On Saturday I had two great meals in L.A.: lunch at Susan Feniger’s Street and dinner at Jitlada.

Street, on Highland just north of Melrose, is a new restaurant by Feniger, the co-chef behind Border Grill and Ciudad. She’s also a Claremont Colleges alumnus. Street is devoted to foodie versions of the world’s street foods. Our table shared spinach varenyky (a Ukrainian dumpling), a half-size New Jerusalem bread salad, Hawaiian poke plate (ono fillet, Japanese style) and Egyptian basbousa cake, plus mango lassi to drink. We liked it all, and at lunchtime on a Saturday or Sunday, street parking is free. The meal came to $53 plus tip.
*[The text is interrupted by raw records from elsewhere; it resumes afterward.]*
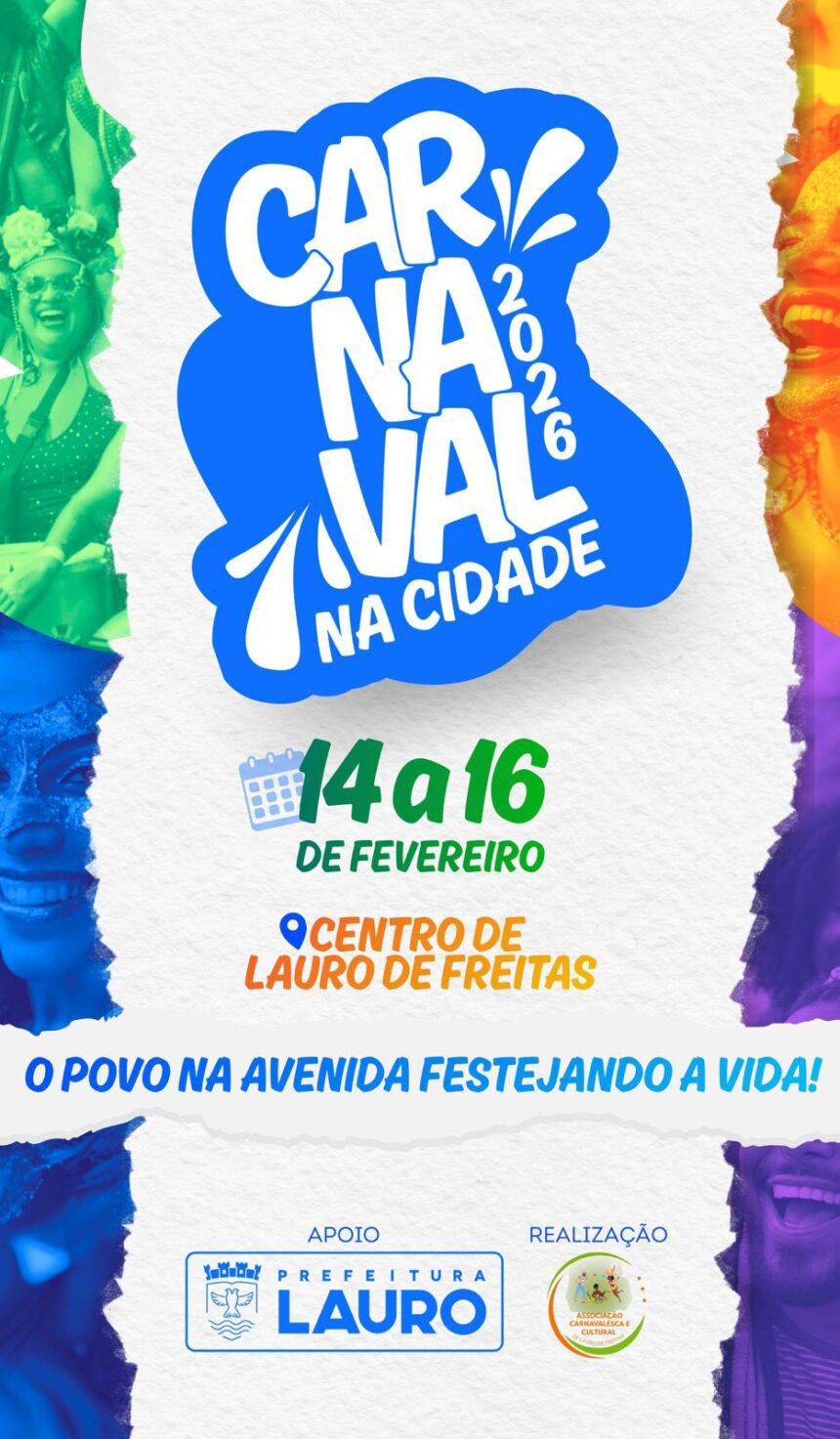 Com uma programação voltada para a família, o Carnaval na Cidade 2026, realizado pela Associação Carnavalesca e Cultural, com o apoio da Prefeitura de Lauro de Freitas, vai animar as ruas do Centro da cidade nos dias 14, 15 e 16 de fevereiro, com a apresentação de blocos tradicionais, grupos culturais e trios elétricos que prometem agitar os foliões.
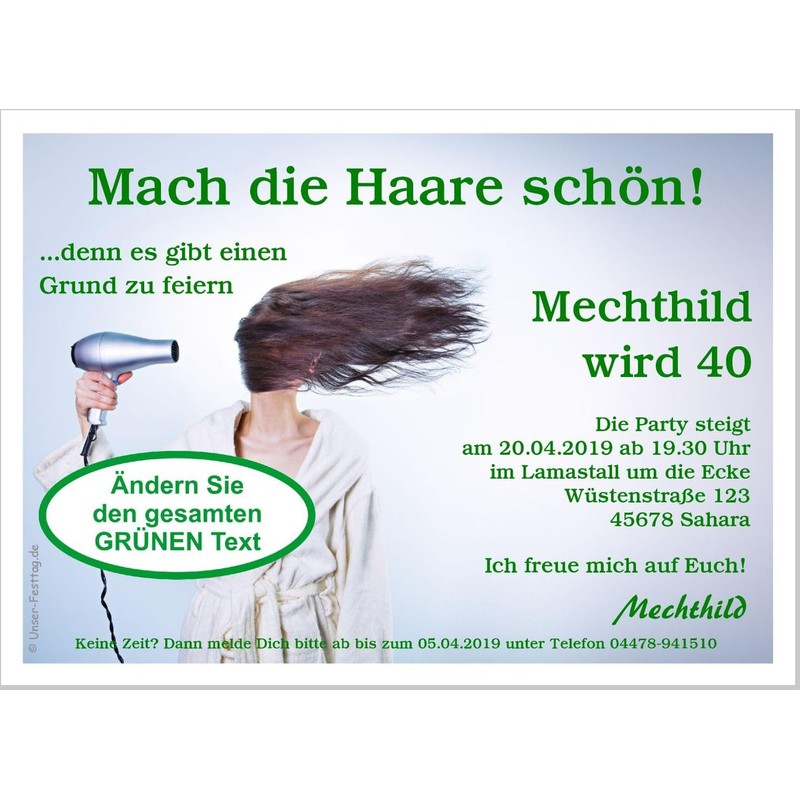 Individual invitation card with your desired text. The text that you can change is colour-coded on the product images
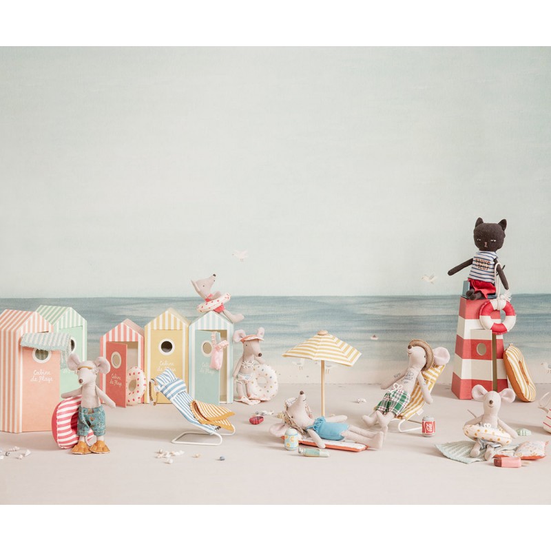 Atvaļinājuma laiks! Mazais pūslis, kas izgatavots no pārklāta auduma autentiskam izskatam. Tas nav ūdensizturīgs, tāpēc rotaļājieties ar to tikai uz sausas zemes. Tikai tavā iztēlē tas peld pa ūdeni. Šis komplekts ir piemērots mazuļa izmēra pelēm un mazajai māsai un mazajam brālim.

The only disappointment was that Street has an A from the Health Department. This is street food; the grade should be a C.

Jitlada, on Sunset in the Thai Town neighborhood, is another acclaimed restaurant. Besides the usual Thai options, there’s a couple of pages of southern Thai dishes unknown to most of us, which is why there’s such a buzz. Jitlada is in a minimall and there was a half-hour wait, but for a Saturday night, that’s not bad.

We had fish cakes, a very good rice salad and, the clear winner, the crispy catfish and mango salad. Very good stuff indeed, and I’ll have to go back to try some of the other dishes everyone raves about. The bill was about $38. The interior seems to have been furnished from someone’s basement — a Michelob lamp near framed portraits of Thailand’s king and queen? — but Jitlada is well worth a visit.

I can also endorse the movie “An Education,” now playing at the ArcLight in Hollywood, and eventually to a theater near(ish) you.